SD, 4: 3, 15 min each. ZDF Infochannel
Landscape conservation and species protection could also look very different than usual. Instead of chain saws and forestry equipment in the protected forests, instead of barring orders for people in forest nature reserves, long since better methods are available, which lead the way to a revival of the declining European biodiversity. Since the year 2000, in the Solling-Vogler nature reserve, near to the small village Amelith (County Northeim / Lower Saxony), only about an hour away from the metropolitan areas of Hanover, Göttingen, Kassel, Paderborn and Bielefeld-Gütersloh, Heck cattle and Exmoor ponies have been undertaken a task essentially related to them: they help to obtain an ancient cultural landscape with magnificent old oaks - and thus secure a refuge for many endangered animal and plant species.
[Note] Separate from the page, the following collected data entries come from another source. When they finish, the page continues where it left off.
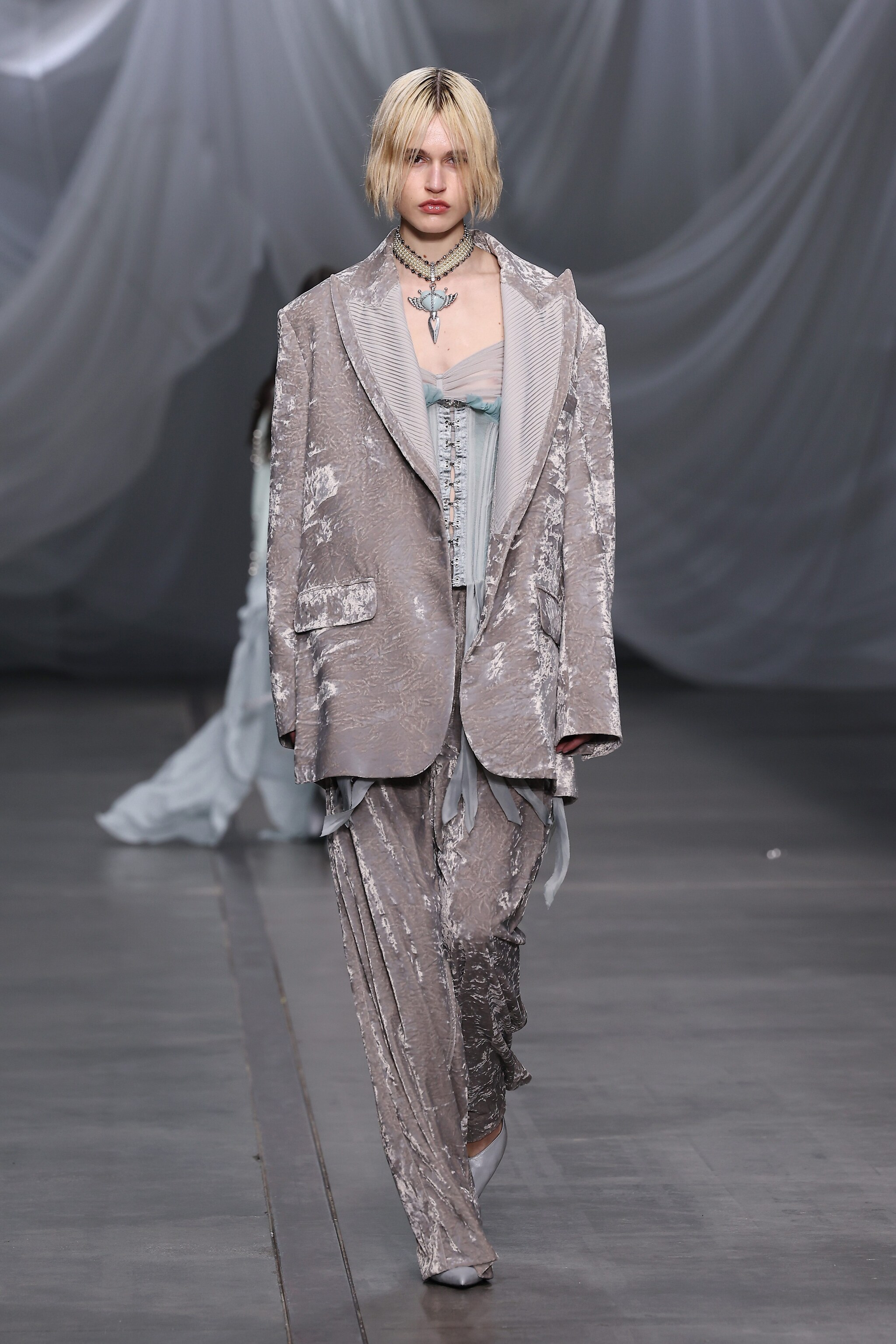 Candidi abiti destrutturati, maxi stivali, cappotti a pelo lungo e tute aderenti sfilano sulla passerella Autunno/Inverno 2023-24 di Aniye Records.
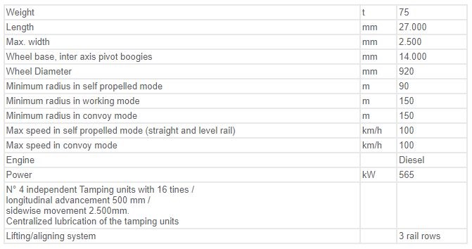 Levelling, Lifting, Lining and Tamping Machine for Plain Track and Turnouts. Structure: Frame made of sturdy electro-welded girders. Two bogies, two motorized axles. Pneumatic brakes. 4 locking devices for the axle suspensions. Continuous and automatic UIC brake. Two emergency braking valves. Direct brake. Parking brake.
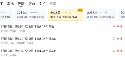 市场行情部分,这辆车的当前市场行情大约在17.18万到21.53万元之间,这里要说的是,市场行情价和最终成交价是有差异的,车辆的最终售价会由车龄、里程以及保养情况等不同变量所决定。
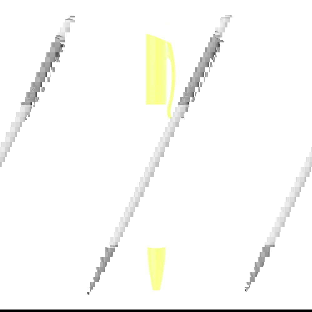Der Hardcolour Kugelschreiber Kamal hat eine große Druckfläche auf dem Clip und dem Schaft. Eine ansprechende Kombination aus weißem Schaft und weißem Drücker sowie einem farbigen Clip. Druckkugelschreiber ausgestattet mit einer blau schreibenden X20-Refill-Mine. Der Stift besteht aus ABS-Kunststoff und wird in Europa hergestellt.
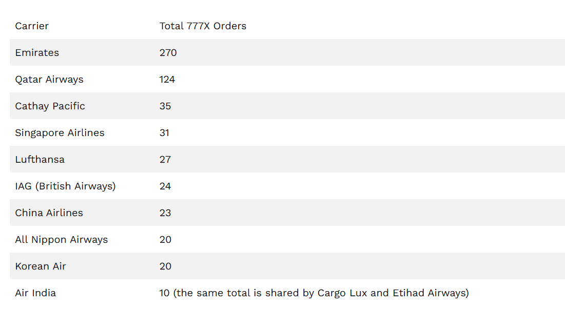 Kada sertifikacija bude završena, tempo isporuka biće tri do pet aviona mesečno. Trenutno postoji ukupno 619 narudžbina: 35 modela 777-8, 521 model 777-9 i 63 teretna 777-8F.
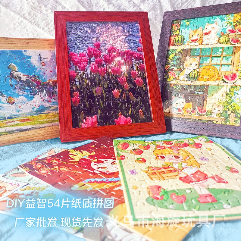 54 조각 직소 퍼즐 장난감 3-6 세 장난감 종이 직소 퍼즐 어린이 장난감 선물 상자 높은 색상 가치 퍼즐 도매
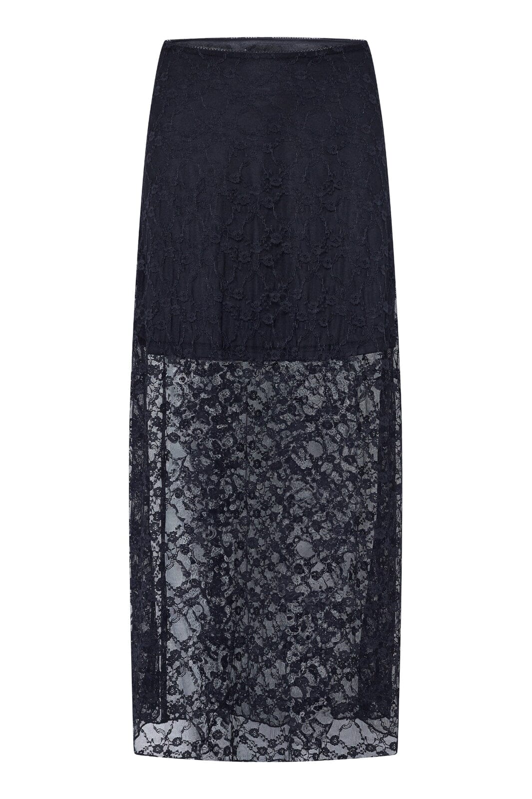 Sort nederdel fra Sisters Point med blomstret blondemønster. Den øverste del er tætsiddende og uigennemsigtig, mens den nederste del har et gennemsigtigt blondelag fra knæet og ned.
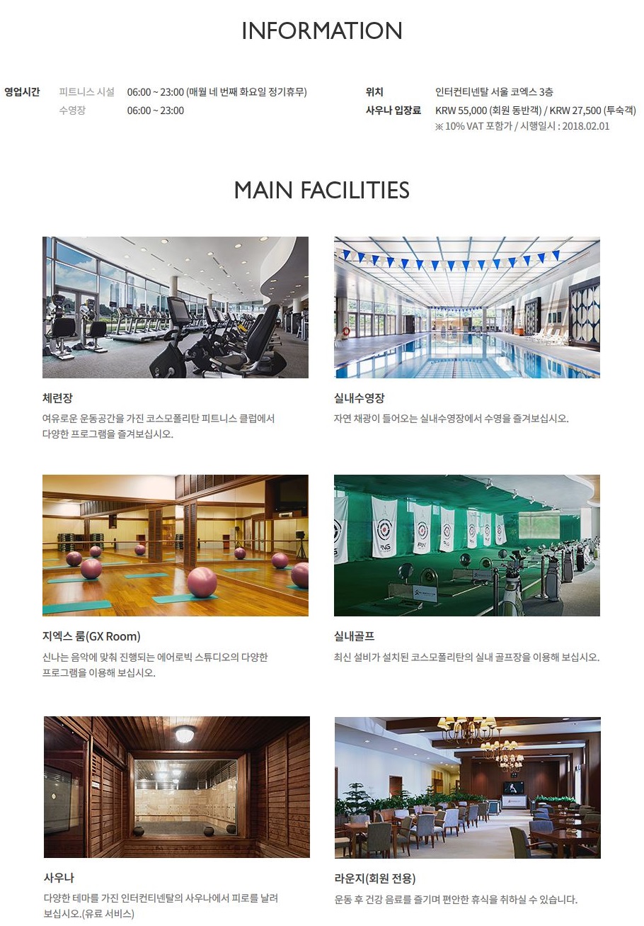 휘트니스 위치 : 코엑스인터컨티넨탈 3층

Furthermore, the area with its extensive pasture woodlands is a major tourist attraction. Meanwhile the project has gained important successes and - after a nearly five-year term - goes into prolongation with the support of the federal government, lottery Foundation and EU. It has become a crowd puller and the conservation showcase of the region. Reason enough for a richly documented review and the illumination of the prospects of an internationally noticed model project in the triangle between Lower Saxony, Hesse and North Rhine-Westphalia.